Я далек и от того, чтобы считать беды, приключившиеся с  Советским Союзом, случайностями. Хотя многое из того, что делалось, включая, скажем, Беловежскую Пущу или неожиданный взлет Гайдара и его команды, не было исторически запрограммировано и в немалой степени порождено ошибками, бездумьем руководителей и случайностями.

Другой вопрос, что в самой советской системе, как она сложилась при Сталине, были заложены семена самораспада, саморазложения, начиная с того, что она могла не то что действовать (эффективность она теряла сразу по окончании любого острого кризиса, в том числе, например, войны), но и сохраняться – и как система власти, и как своего рода империя – лишь при  условии очень жесткой диктатуры, строжайшего полицейского режима, в свою очередь, требовавшего для своего обоснования острого кризиса, а по возможности и явной внешней угрозы. Без этого силы саморазложения начинали работать, что вело сначала к ликвидации режима, а затем и «империи».

Если говорить об этих силах саморазложения чуть подробнее, равно как о причинах того, что система как-то еще работала в периоды кризисов, но начинала буксовать в нормальных условиях существования, то я бы указал на следующие из них.
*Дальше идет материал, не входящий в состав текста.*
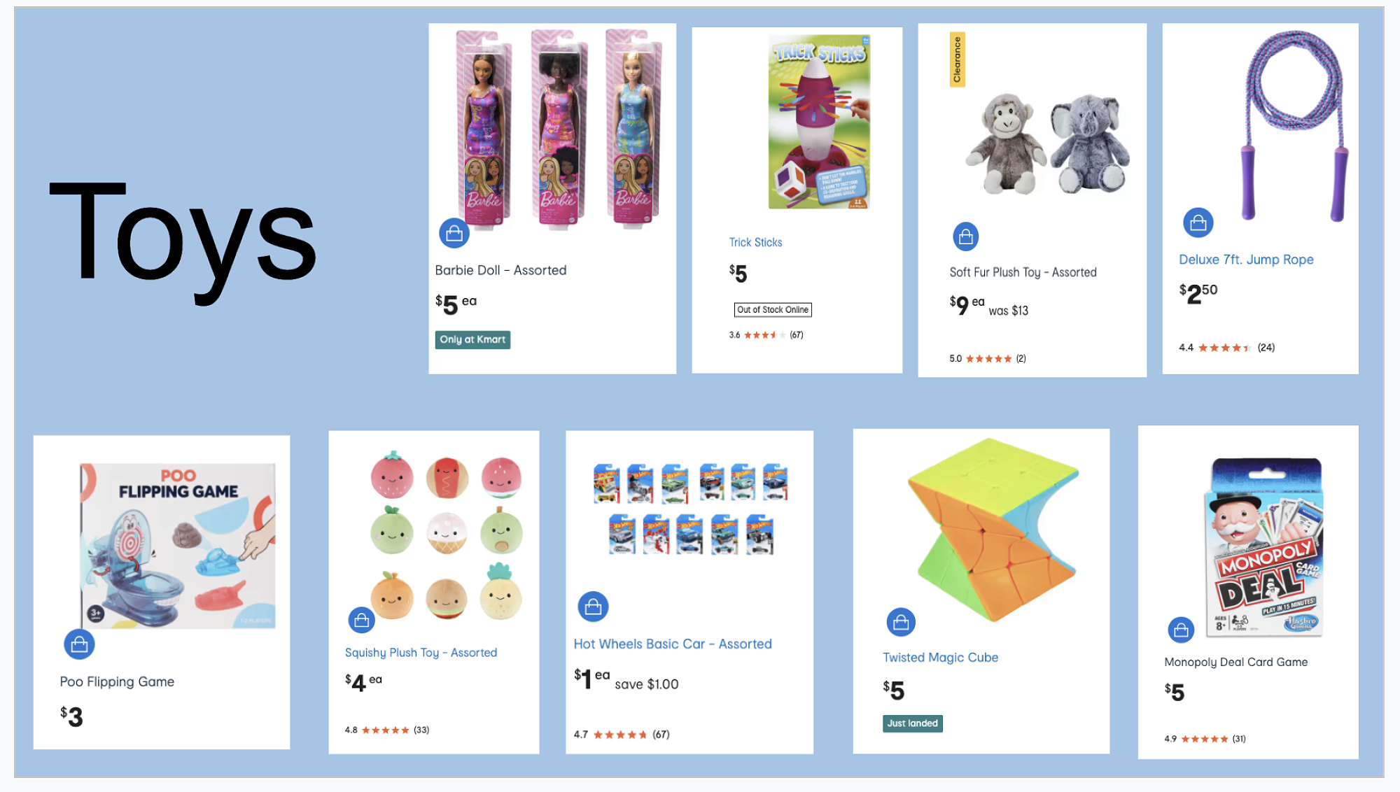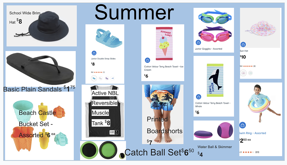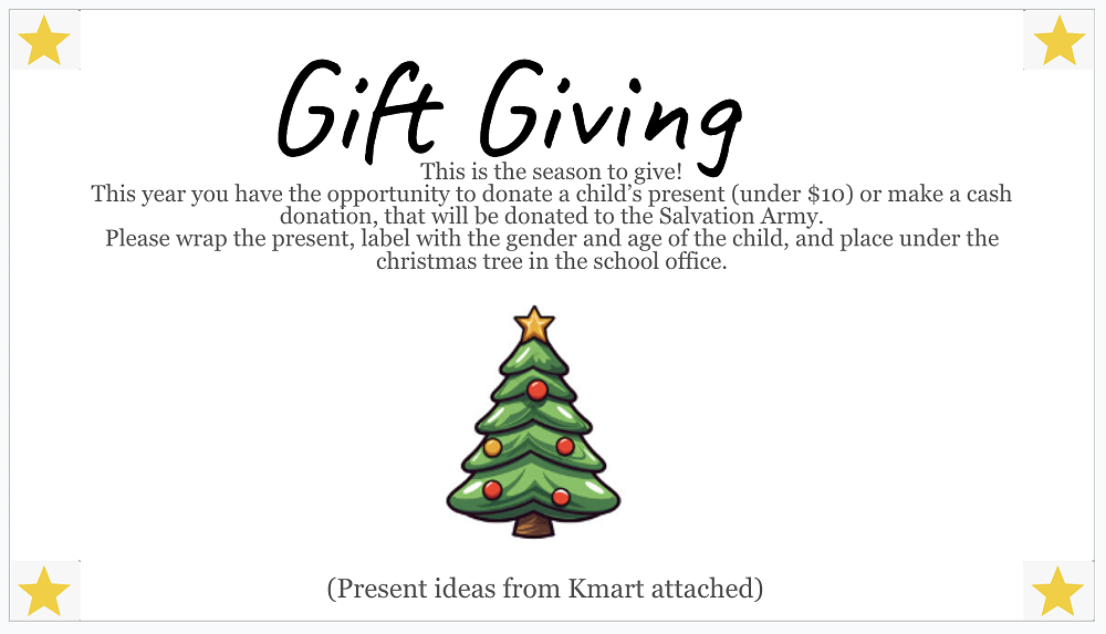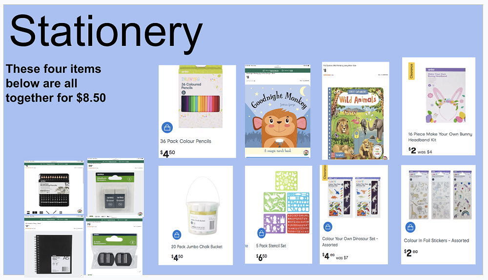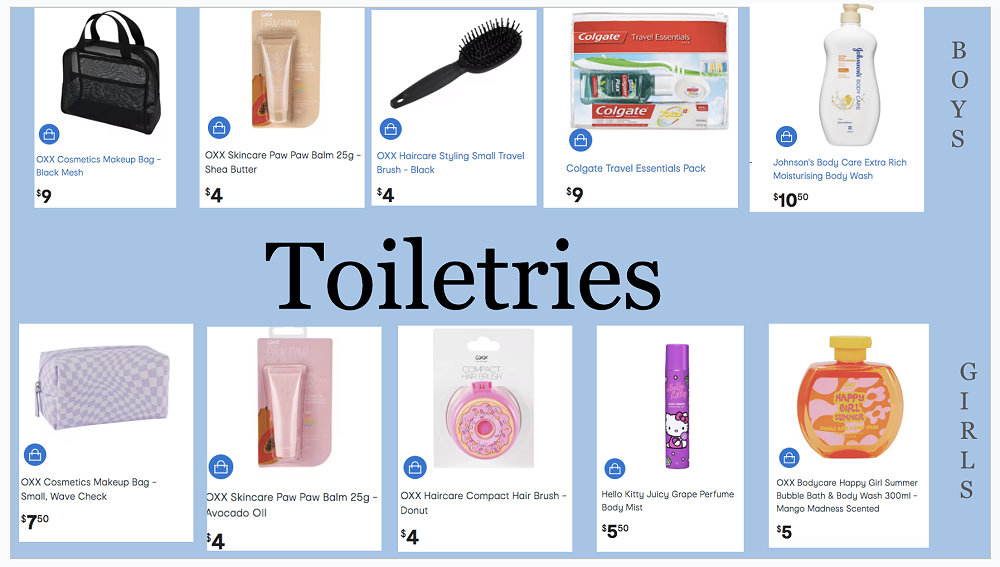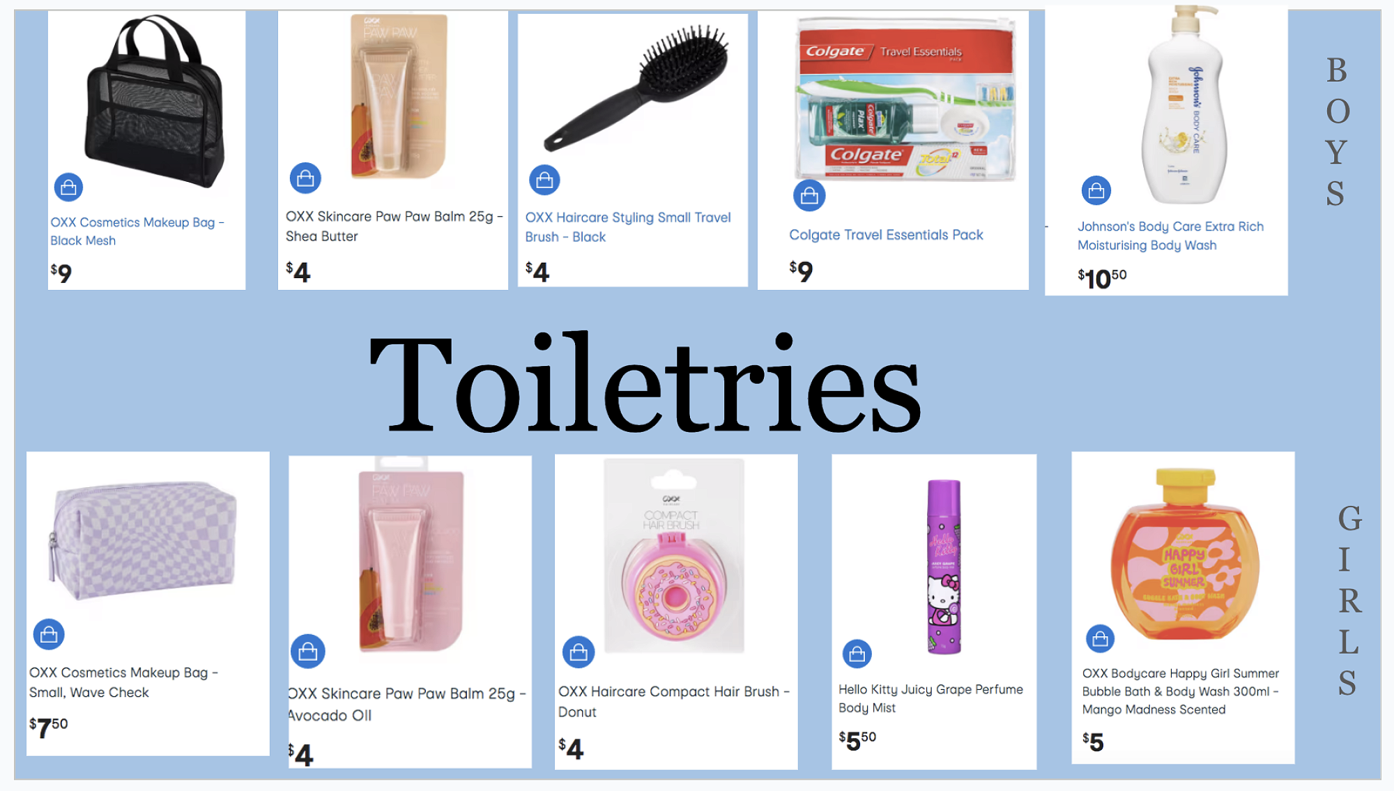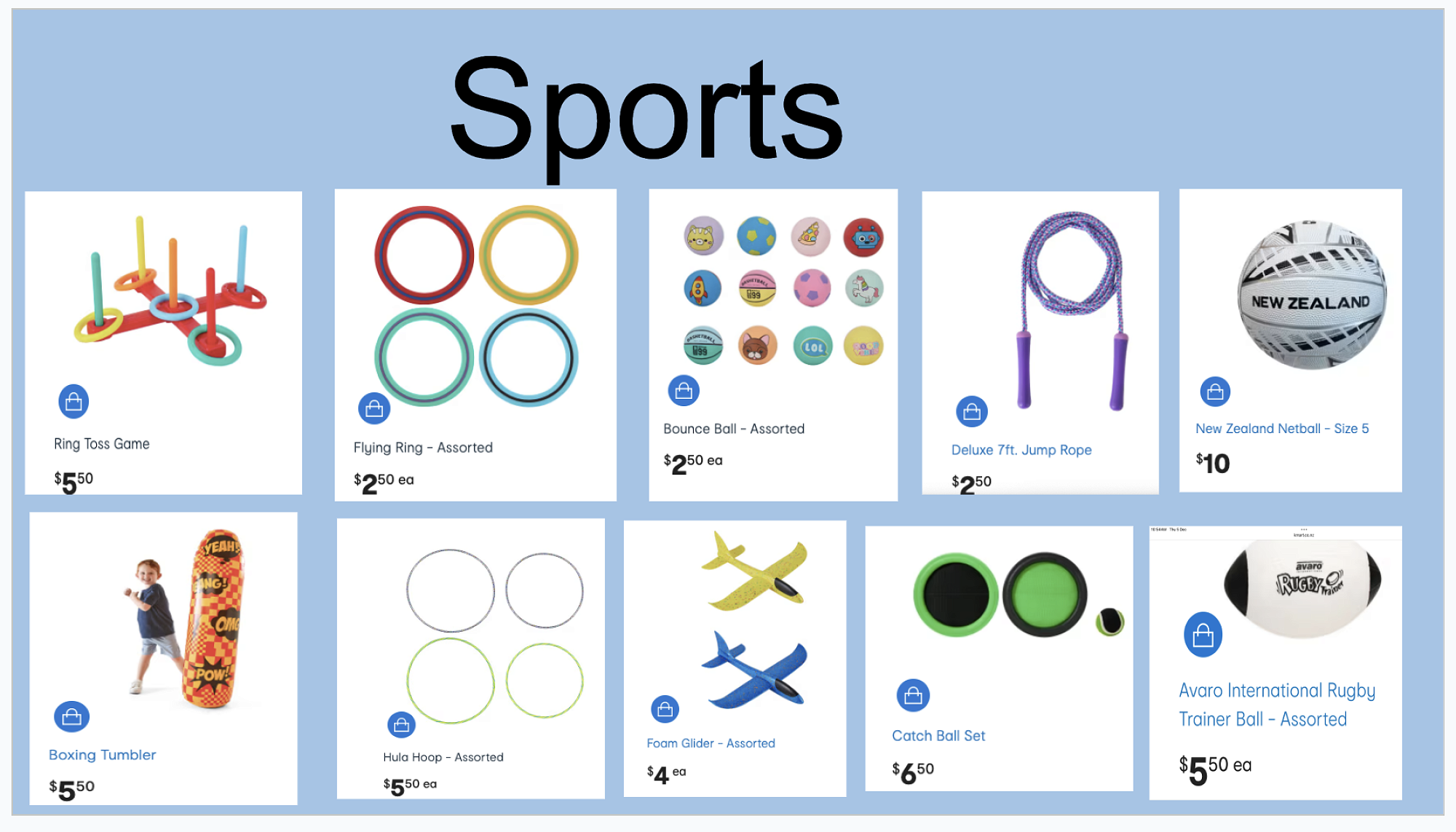 Here are some possible ideas of items - researched by the MindPlus group. They visited the Kmart website and found items that they thought would be loved by children. They chose items that would hopefully last and could be used by a variety of age groups.

Прежде всего, тоталитарная диктатура подавляла, деформировала, губила интеллектуальный потенциал – в  нашу эпоху главный источник роста, развития и процветания любого общества. И это – самая тяжкая часть наследия, оставленного сталинщиной, большевистским образом мысли и действий.

Другая часть действующих внутри общества разрушительных сил состояла в том (это уже упоминалось), что вся система и ее институты, эффективные в чрезвычайных условиях войны и острых кризисов, начинали работать вхолостую и, в конечном счете, себя разрушать в нормальных условиях. Эти тягостные компоненты системы также замедлили и сделали трудным и противоречивым процесс возрождения страны в послесталинский период. Боюсь, что они еще долго будут давать о себе знать, мешая нашему полному и подлинному возрождению.

Подводя итог, можно сказать, что система – и в территориальном смысле, как союз ряда весьма разнящихся друг от друга республик, и в смысле внутриполитическом, как определенный режим, структуры и органы власти, государственного управления, наличия гражданских свобод и особенно их ограничений  – была изначально обречена. Что неудивительно и  с  точки зрения философской – в основе ее лежала утопия или даже система утопий, не способных выдержать столкновение с реальной жизнью. И дав толчок этому самораспаду, было крайне трудно его замедлить или упорядочить. Огромная по своим масштабам и силовой мощи государственная машина к  этому просто не  была готова, а, может быть, и пригодна.

В одной из предшествующих своих работ я касался милитаризма, избыточной военной мощи (не всегда эффективной). Не  помогла она и в данном случае. Машина эта и не думала о сохранении и защите системы. Она, скорее, ей противостояла, особенно, когда начала меняться политика и возникла угроза для всевластия прежней военно-полицейской диктатуры.